--- Task to carry out ---
Once you reach the line with "The flavor intensity" in the material below, copy each line exactly up to and including the line with "Full length denim", and skip the pictures.

--- Records for this exercise ---
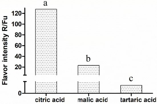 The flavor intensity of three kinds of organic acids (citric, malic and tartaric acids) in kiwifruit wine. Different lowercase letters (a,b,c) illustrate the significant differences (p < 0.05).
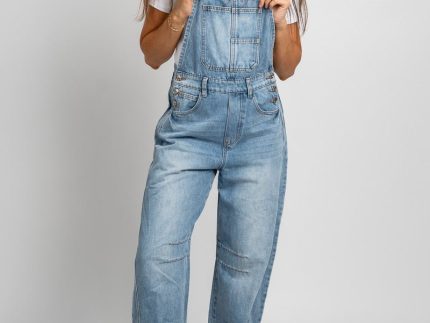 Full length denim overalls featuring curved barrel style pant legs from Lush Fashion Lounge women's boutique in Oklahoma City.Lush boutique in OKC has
--
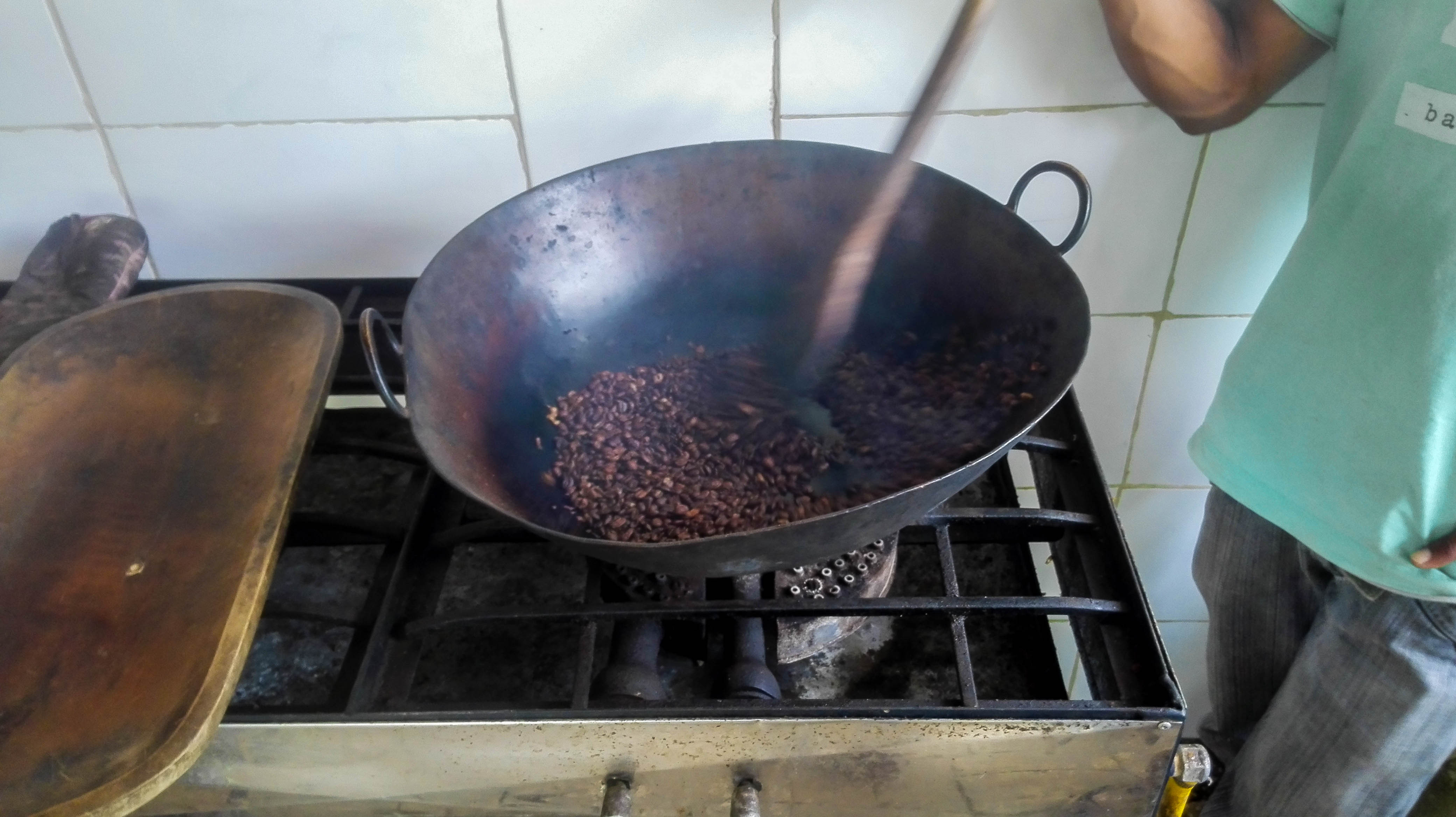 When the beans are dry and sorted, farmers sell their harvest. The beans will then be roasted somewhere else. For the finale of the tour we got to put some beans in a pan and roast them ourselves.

--- Response to this task ---
 The flavor intensity of three kinds of organic acids (citric, malic and tartaric acids) in kiwifruit wine. Different lowercase letters (a,b,c) illustrate the significant differences (p < 0.05).
 Full length denim overalls featuring curved barrel style pant legs from Lush Fashion Lounge women's boutique in Oklahoma City.Lush boutique in OKC has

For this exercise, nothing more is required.